Originally published in Mondaq
Part III: Tailored free speech and evidentiary standards should be explicitly incorporated into whistleblower legislation to ensure that whistleblowers are not chilled from making vital disclosures
Any state considering a new or updated whistleblower law should consider certain basic principles underlying successful anti-retaliation laws, namely, whistleblower protection laws should adequately address the threat of retaliatory lawsuits and legal tactics and prohibit restrictive non-disclosure agreements that prevent or “chill” employee disclosures of violations of law. In enacting whistleblower laws, many states make the mistake of simply applying existing laws on free speech and ignoring the impact that retaliatory lawsuits, such as libel suits, have on whistleblowers. In order to make sure that whistleblowers are not chilled from making disclosures of violations of law and threats to public safety, tailored laws are essential for any whistleblower program to be successful.
First, nations considering enacting or modifying whistleblower laws should include the standard set forth in the United States court case Pettway v. American Cast Iron Co. in their statutory scheme to protect whistleblowers from retaliatory libel suits.

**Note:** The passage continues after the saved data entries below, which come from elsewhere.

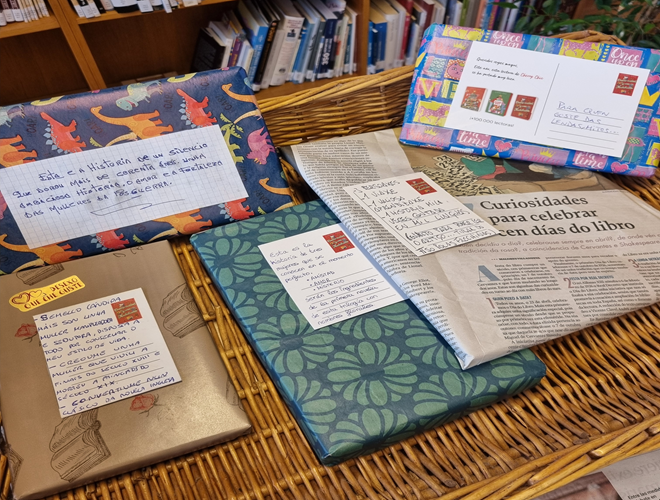 A Biblioteca Municipal acollía a actividade, na que as participantes acodían cos seus libros envoltos a modo de agasallo. Xa no centro de lectura, persoal municipal entregábanlles unhas tarxetiñas para que escribisen unha breve reseña das obras, evitando mencionar o título, e xuntaban as publicacións nunha cesta agardando ao remate da función anunciada, e para sorpresa do público, protagonizada polo grande narrador Caxoto.
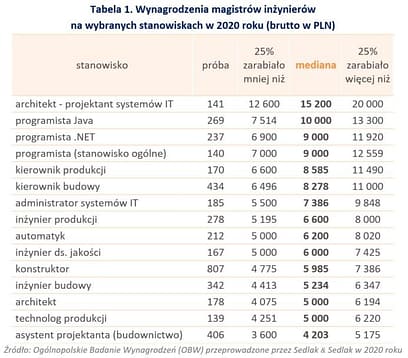 Słowa Tomasza Szpikowskiego potwierdzają dane z Ogólnopolskiego Badania Wynagrodzeń za 2020 rok przeprowadzonego przez Sedlak&Sedlak. Wzięło w nim udział niemal 17 tys. (16 904) osób z wykształceniem wyższym magisterskim inżynierskim. Okazuje się, że połowa magistrów inżynierów zarabiała od 4 839 zł do 10 000 zł brutto, natomiast 10% z nich powyżej 15 000 zł brutto.
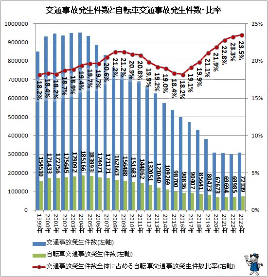 警察庁によりますと、全国の交通事故の発生件数は毎年減少している一方で、自転車交通事故は2020年から3年連続で増加、全体に占める比率は2016年から上がり続けています。
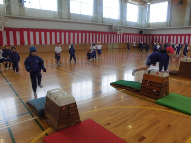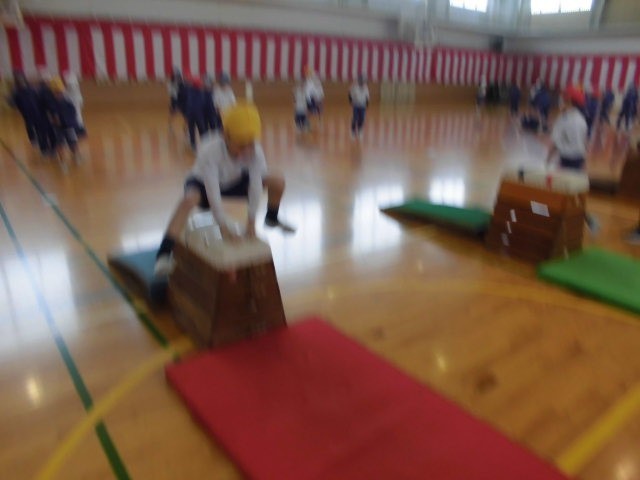 2年生が最後の跳び箱遊びに挑戦しました。縦や横に置いた跳び箱で何度も練習し、中には初めて開脚とびができて喜ぶ子供も見られました。みんながんばりましたね!

This case held that a complaint filed confidentially with the appropriate government agency cannot be the basis of a libel suit or the basis for an adverse employment action even if the complaint contains “maliciously libelous statements.” Importantly, however, the court drew a distinction between information provided only to the government, and information provided to the general public. Through such a legal scheme, whistleblowers will not be deterred by retaliatory lawsuits based on information provided to the proper authorities, and at the same time, corporations and individuals will avoid being publicly slandered by reckless allegations.
Second, in order to further safeguard whistleblowers from retaliatory libel suits, whistleblower laws should include provisions to protect certain public disclosures of wrongdoing. This can be simply accomplished by incorporating the standards set forth in the U.S. Supreme Court case New York Times v. Sullivan into any new law. Under this standard, a libel action would only be permitted against a whistleblower whose information was of public concern or whose allegations concerned misconduct by public officials if the plaintiff in the case could prove “actual malice” underlying the public disclosure. Whether a whistleblower’s disclosure is unfounded, standing alone, would not be the basis for litigation. In this way, whistleblowers cannot be silenced or bankrupted by litigation on the “accuracy” of their allegations. As explained by the Court in this case, this high standard is necessary to preserve basic principles of freedom of speech and democratic debate:
A rule compelling the critic of official conduct to guarantee the truth of all his factual assertions-and to do so on pain of libel judgments virtually unlimited in amount-leads to a comparable ‘self-censorship’ [. . .] Under such a rule, would-be critics of official conduct may be deterred from voicing their criticism, even though it is believed to be true and even though it is in fact true, because of doubt whether it can be proved in court or fear of the expense of having to do so. They tend to make only statements which ‘steer far wider of the unlawful zone’ [.] [which] dampens the vigor and limits the variety of public debate.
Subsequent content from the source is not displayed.